■ What you have to do
Write out every line below again exactly as it stands, skipping each image.

[Stored data]
+++

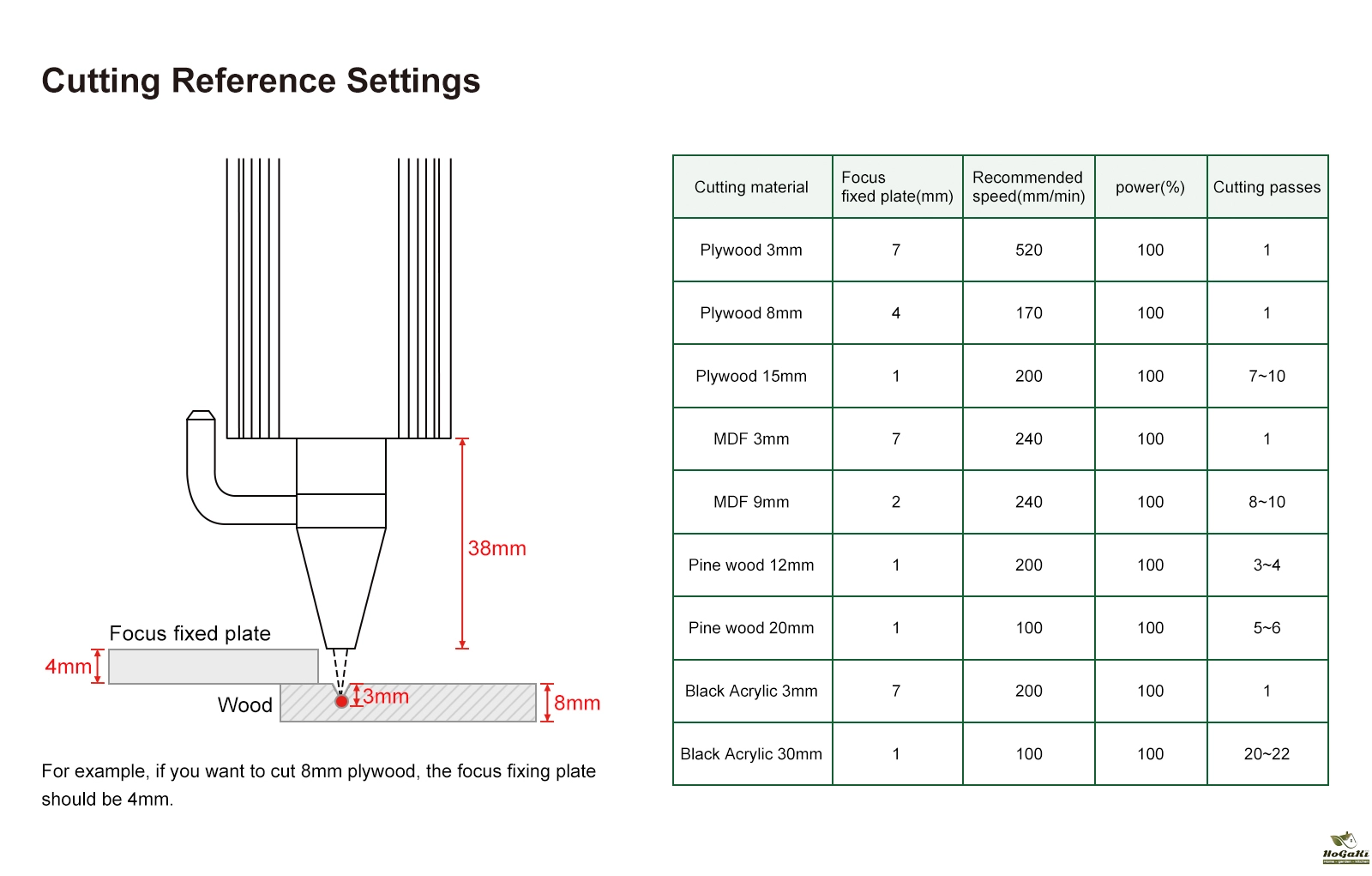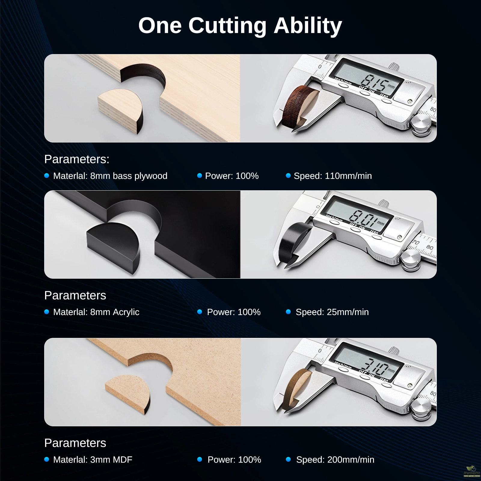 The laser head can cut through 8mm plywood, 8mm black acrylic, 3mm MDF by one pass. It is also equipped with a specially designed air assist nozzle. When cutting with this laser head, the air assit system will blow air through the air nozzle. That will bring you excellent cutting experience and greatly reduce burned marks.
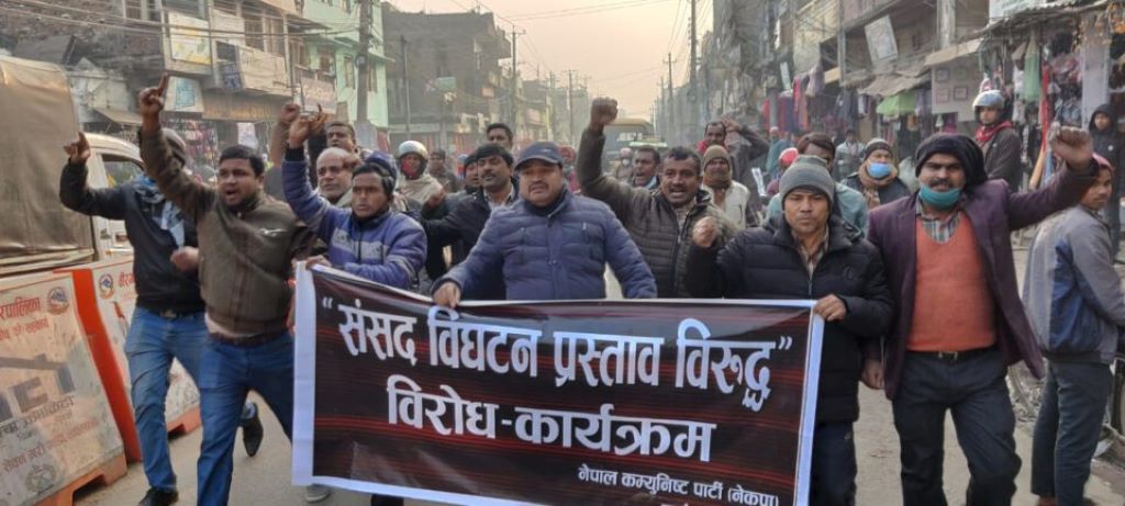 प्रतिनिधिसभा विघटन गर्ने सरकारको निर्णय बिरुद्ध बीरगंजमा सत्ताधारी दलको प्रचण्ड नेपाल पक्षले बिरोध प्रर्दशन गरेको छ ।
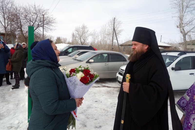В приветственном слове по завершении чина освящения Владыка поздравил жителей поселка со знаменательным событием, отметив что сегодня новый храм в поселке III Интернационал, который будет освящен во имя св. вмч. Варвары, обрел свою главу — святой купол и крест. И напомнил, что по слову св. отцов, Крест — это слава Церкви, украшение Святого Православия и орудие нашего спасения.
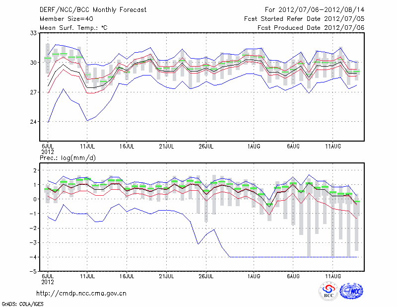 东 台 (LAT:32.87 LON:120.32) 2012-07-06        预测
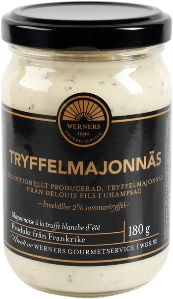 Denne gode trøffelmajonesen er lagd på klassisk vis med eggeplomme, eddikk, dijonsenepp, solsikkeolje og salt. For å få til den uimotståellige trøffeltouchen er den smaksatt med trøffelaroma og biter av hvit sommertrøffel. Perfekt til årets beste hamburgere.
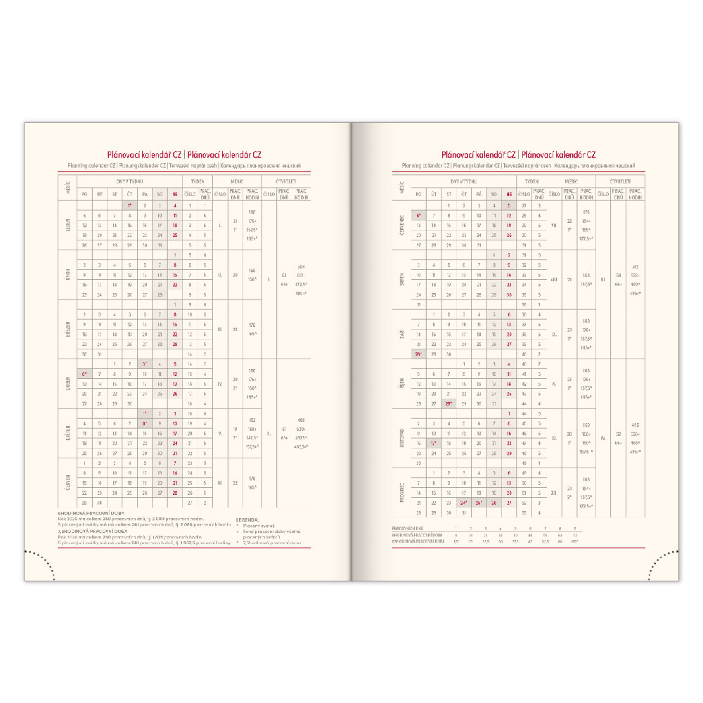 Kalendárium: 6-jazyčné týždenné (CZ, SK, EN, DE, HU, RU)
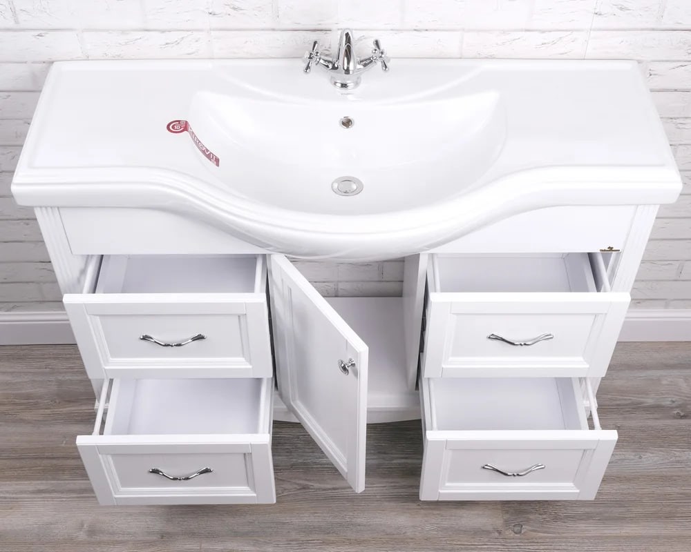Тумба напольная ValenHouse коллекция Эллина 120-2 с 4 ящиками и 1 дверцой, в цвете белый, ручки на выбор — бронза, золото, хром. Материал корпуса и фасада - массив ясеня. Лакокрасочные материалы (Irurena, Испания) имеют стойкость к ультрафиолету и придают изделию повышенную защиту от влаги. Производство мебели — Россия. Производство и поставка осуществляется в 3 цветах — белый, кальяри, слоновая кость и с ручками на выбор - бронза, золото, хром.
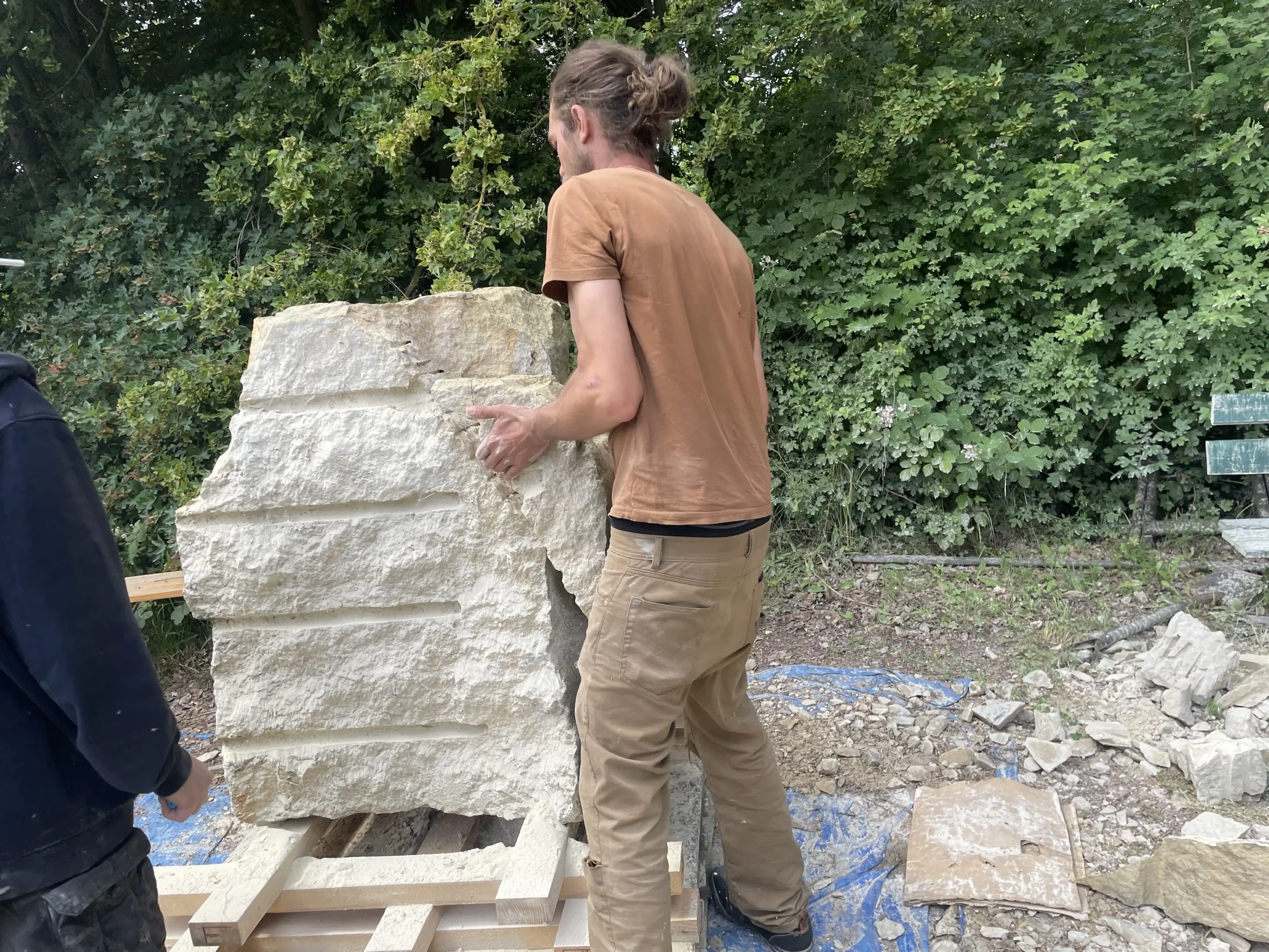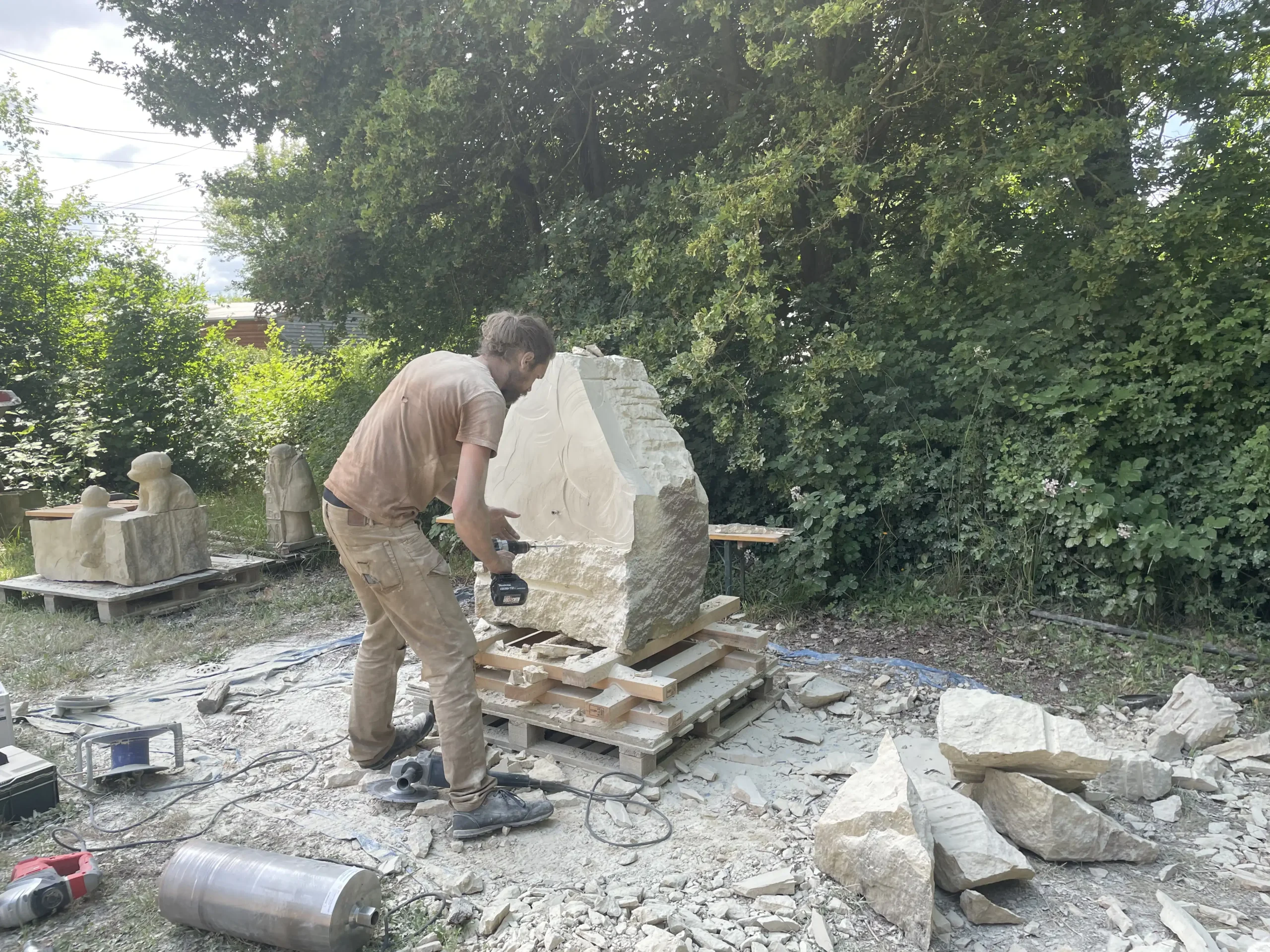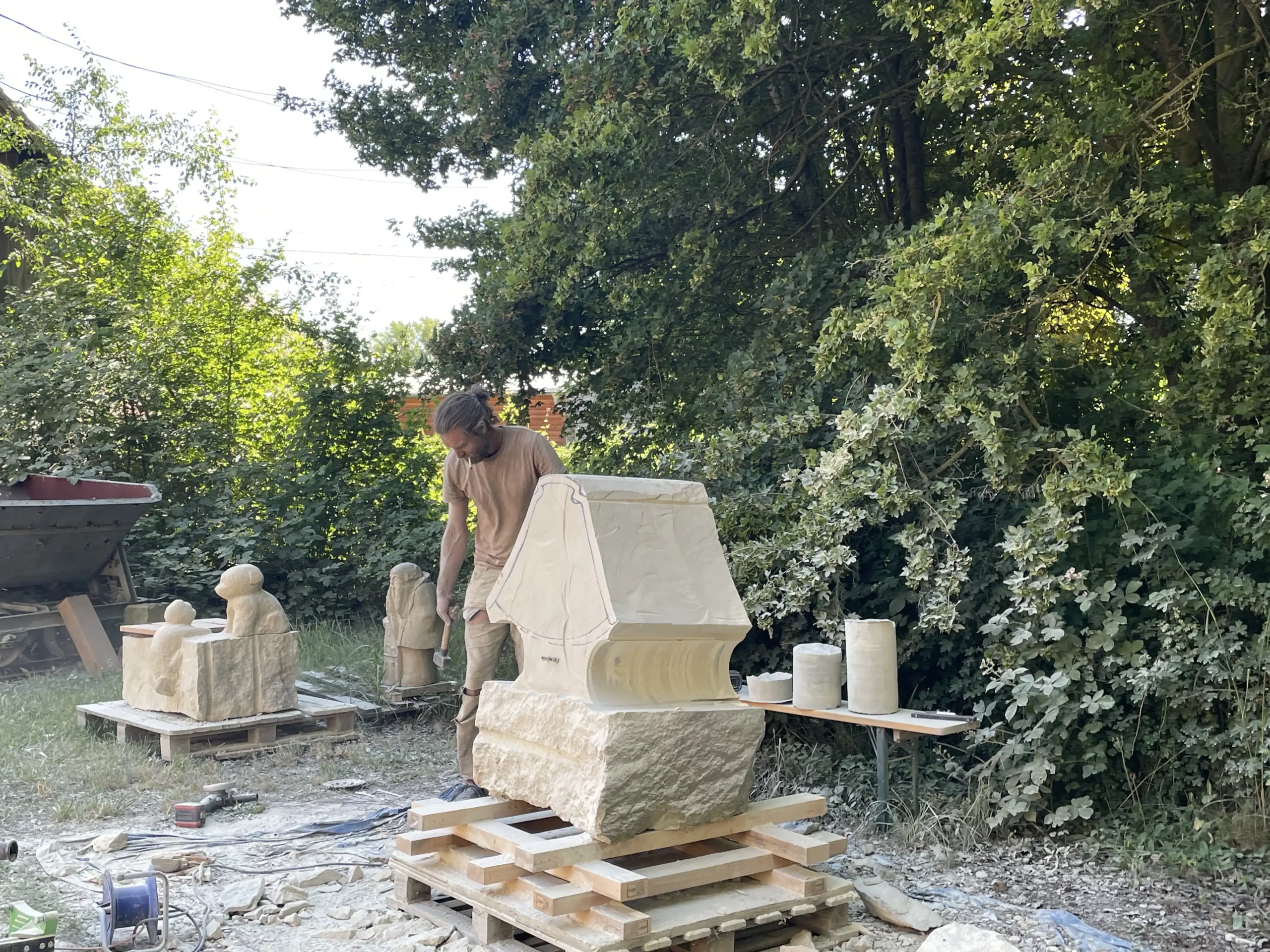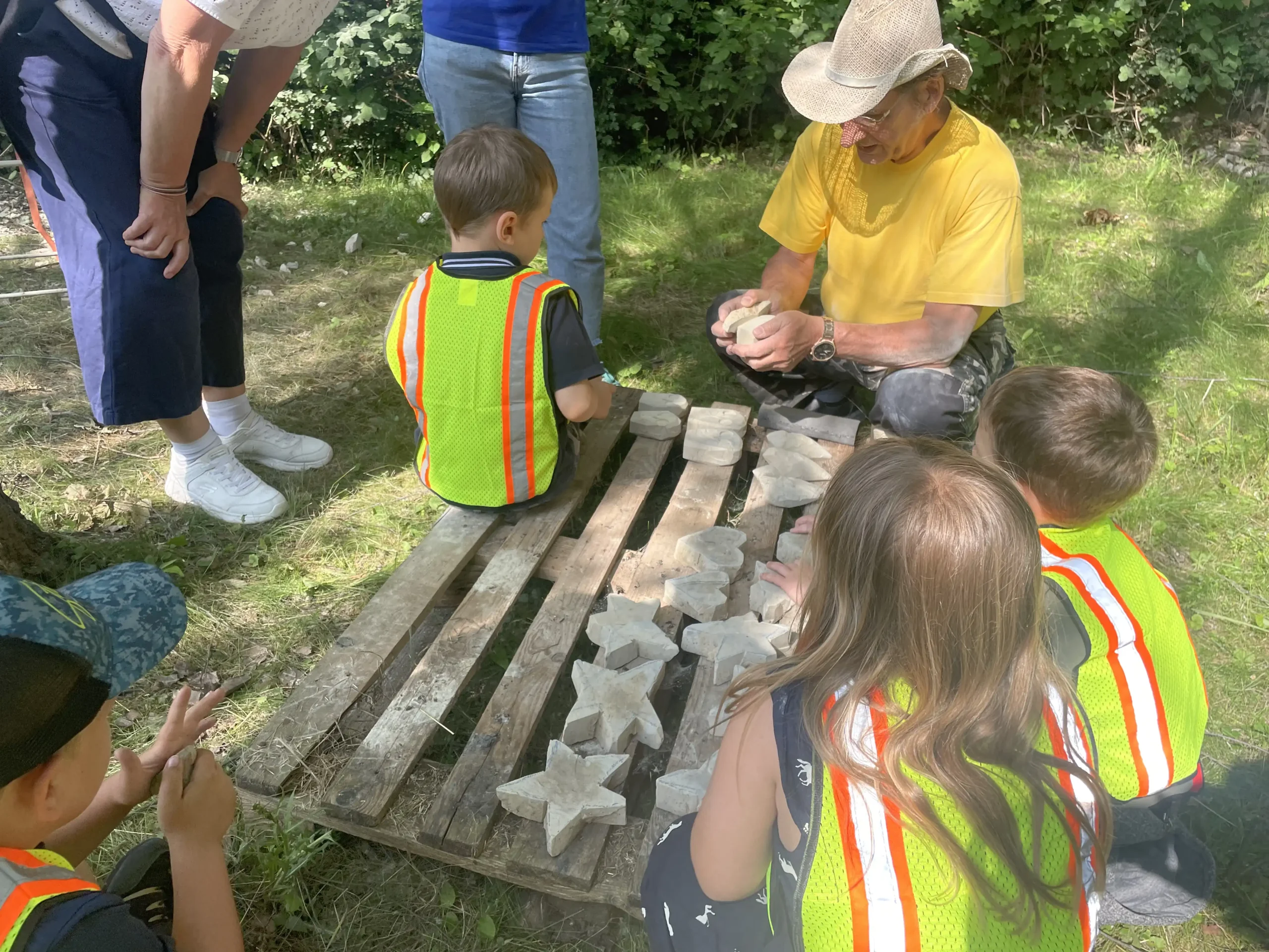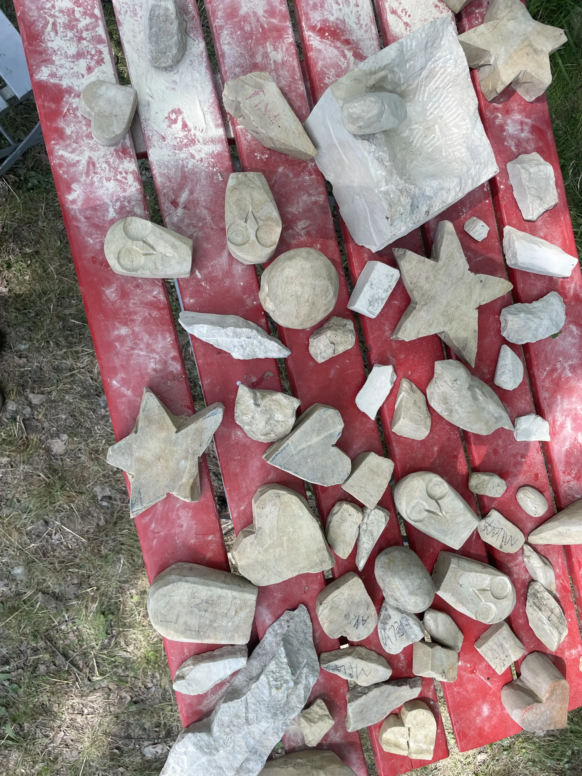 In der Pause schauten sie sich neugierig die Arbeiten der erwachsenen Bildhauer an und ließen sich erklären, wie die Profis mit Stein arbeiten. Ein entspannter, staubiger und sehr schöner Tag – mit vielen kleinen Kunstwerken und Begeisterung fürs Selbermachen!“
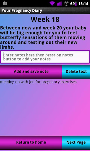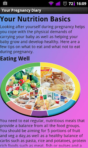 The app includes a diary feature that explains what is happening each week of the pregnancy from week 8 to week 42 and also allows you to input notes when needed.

+++

■ Answer section
 The laser head can cut through 8mm plywood, 8mm black acrylic, 3mm MDF by one pass. It is also equipped with a specially designed air assist nozzle. When cutting with this laser head, the air assit system will blow air through the air nozzle. That will bring you excellent cutting experience and greatly reduce burned marks.
 प्रतिनिधिसभा विघटन गर्ने सरकारको निर्णय बिरुद्ध बीरगंजमा सत्ताधारी दलको प्रचण्ड नेपाल पक्षले बिरोध प्रर्दशन गरेको छ ।
В приветственном слове по завершении чина освящения Владыка поздравил жителей поселка со знаменательным событием, отметив что сегодня новый храм в поселке III Интернационал, который будет освящен во имя св. вмч. Варвары, обрел свою главу — святой купол и крест. И напомнил, что по слову св. отцов, Крест — это слава Церкви, украшение Святого Православия и орудие нашего спасения.
 东 台 (LAT:32.87 LON:120.32) 2012-07-06        预测
 Denne gode trøffelmajonesen er lagd på klassisk vis med eggeplomme, eddikk, dijonsenepp, solsikkeolje og salt. For å få til den uimotståellige trøffeltouchen er den smaksatt med trøffelaroma og biter av hvit sommertrøffel. Perfekt til årets beste hamburgere.
 Kalendárium: 6-jazyčné týždenné (CZ, SK, EN, DE, HU, RU)
Тумба напольная ValenHouse коллекция Эллина 120-2 с 4 ящиками и 1 дверцой, в цвете белый, ручки на выбор — бронза, золото, хром. Материал корпуса и фасада - массив ясеня. Лакокрасочные материалы (Irurena, Испания) имеют стойкость к ультрафиолету и придают изделию повышенную защиту от влаги. Производство мебели — Россия. Производство и поставка осуществляется в 3 цветах — белый, кальяри, слоновая кость и с ручками на выбор - бронза, золото, хром.
 In der Pause schauten sie sich neugierig die Arbeiten der erwachsenen Bildhauer an und ließen sich erklären, wie die Profis mit Stein arbeiten. Ein entspannter, staubiger und sehr schöner Tag – mit vielen kleinen Kunstwerken und Begeisterung fürs Selbermachen!“
 The app includes a diary feature that explains what is happening each week of the pregnancy from week 8 to week 42 and also allows you to input notes when needed.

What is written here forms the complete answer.